— Exercise instructions —
Working from the data below, write out exactly the lines from its first through the line that contains "style CELINA - this", both ends included and pictures omitted.

— Collected data —
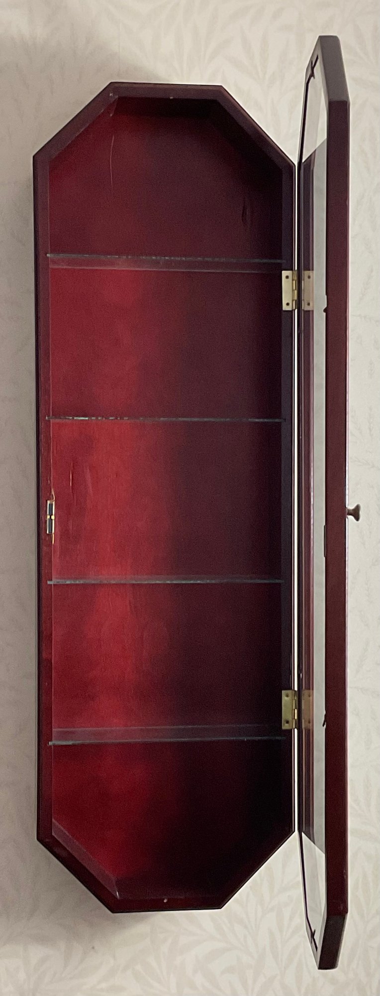 #2 - Wall Mounted Curio Cabinet - 38.5” long x 12” wide x 4.5” deep - good used condition
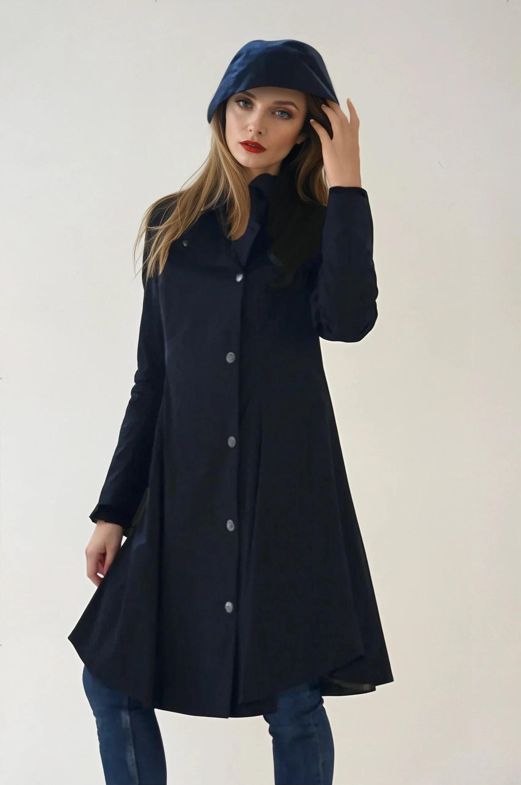 style CELINA - this outstanding water resistant rain coat is like no other in Europe or the U.S. The fabric is the same as our style TESS, SAVINA, ELENA. CELINA not only protects you from the rain, but shapes you at the same time. CELINA has a high collar to keep the rain out and extra wind protection when the hood is down. The large hood, when warn up, protects your face and make up.
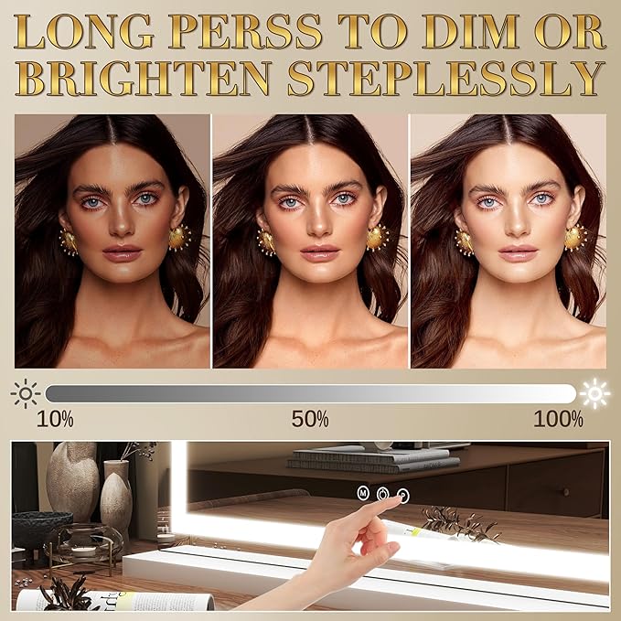 - 【3 Light Modes & Smart Dimming】 Switch between warm light, natural daylight, and cool white light to match any scenario—morning routines, evening events, or studio-style makeup. Adjust brightness with a simple touch to achieve flawless lighting for every look. Whether you're contouring, applying eyeliner, or checking skincare, the dimmable feature ensures optimal visibility.
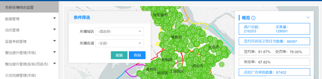 為推進(jìn)市容環(huán)衛(wèi)責(zé)任落實(shí),江蘇省蘇州市城市管理局開發(fā)了市容環(huán)衛(wèi)責(zé)任分級分類智慧化管理系統(tǒng),包含基礎(chǔ)數(shù)據(jù)、動態(tài)管理、整治提升、示范創(chuàng)建、督辦考核等模塊,以準(zhǔn)確掌握沿街單位信息數(shù)據(jù)為基礎(chǔ),打造市容管理“小循環(huán)”和城市管理“大循環(huán)”。在市容管理“小循環(huán)”上,通過分析系統(tǒng)產(chǎn)生的大數(shù)據(jù),對商戶和道路進(jìn)行“紅、黃、綠”分類,并根據(jù)類別配制不同的管理要求、巡查頻率和獎懲措施。同時(shí),按市、區(qū)(縣級市)、街道(鎮(zhèn))三級匹配不同的管理權(quán)限,構(gòu)建上下連接、各有側(cè)重的系統(tǒng)平臺。在城市管理“大循環(huán)”上,深度協(xié)同數(shù)字城管系統(tǒng),讓數(shù)字城管系統(tǒng)發(fā)現(xiàn)問題更準(zhǔn)確;與執(zhí)法系統(tǒng)雙向互動、互為支撐,高效處置街面秩序問題。在此基礎(chǔ)上,還關(guān)聯(lián)店招審批備案、“蘇州微城管”商戶自治,以及蘇州市城市管理委員會考核等業(yè)務(wù)內(nèi)容。最終,形成了數(shù)據(jù)關(guān)聯(lián)融合、流程標(biāo)準(zhǔn)規(guī)范、體系層層貫通、業(yè)務(wù)聯(lián)動配合、商戶廣泛參與的市容管理格局。
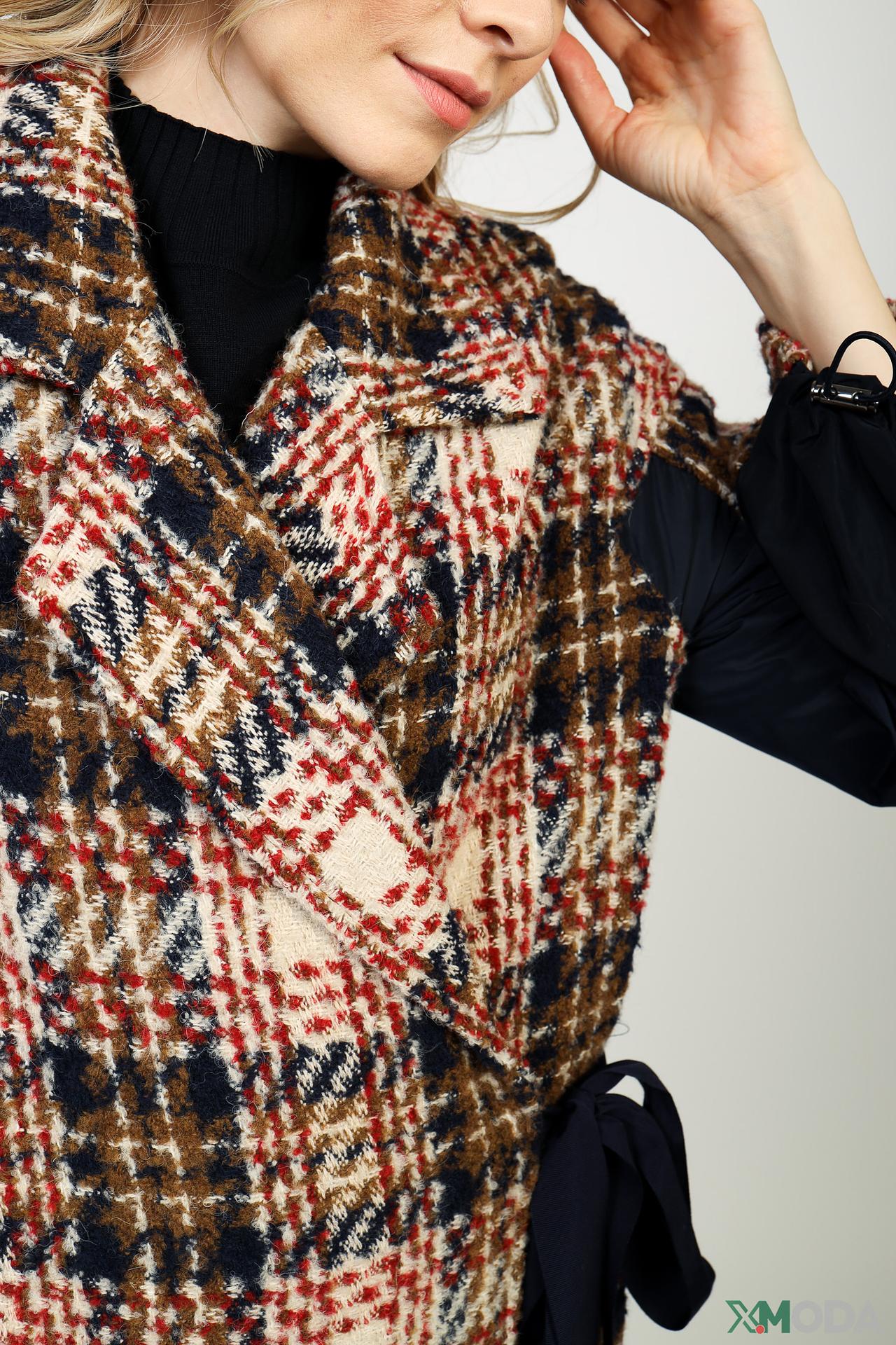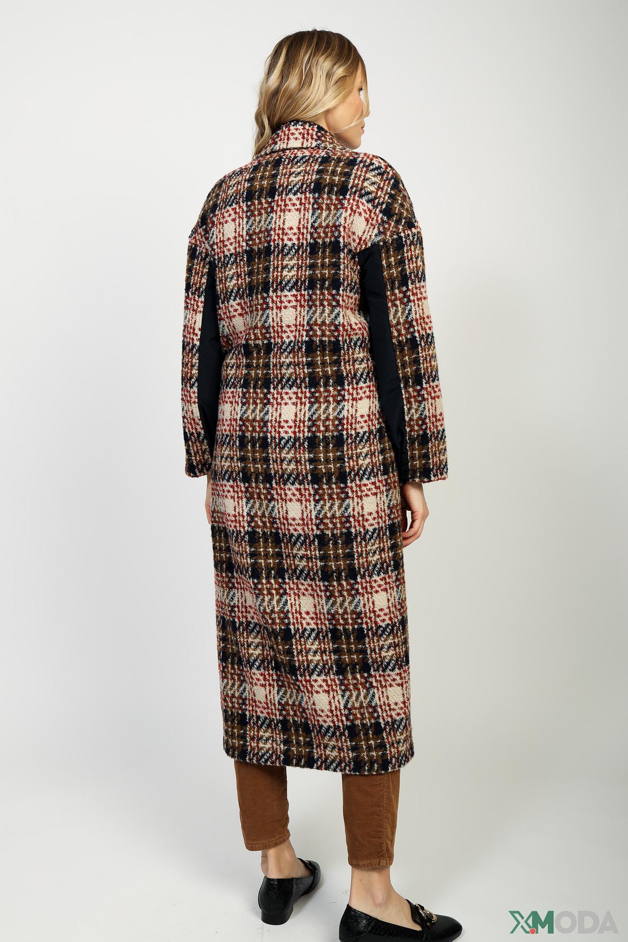 - Стильный клетчатый узор. Классический рисунок в клетку делает пальто универсальным и подходящим для разных образов.

— Output —
 #2 - Wall Mounted Curio Cabinet - 38.5” long x 12” wide x 4.5” deep - good used condition
 style CELINA - this outstanding water resistant rain coat is like no other in Europe or the U.S. The fabric is the same as our style TESS, SAVINA, ELENA. CELINA not only protects you from the rain, but shapes you at the same time. CELINA has a high collar to keep the rain out and extra wind protection when the hood is down. The large hood, when warn up, protects your face and make up.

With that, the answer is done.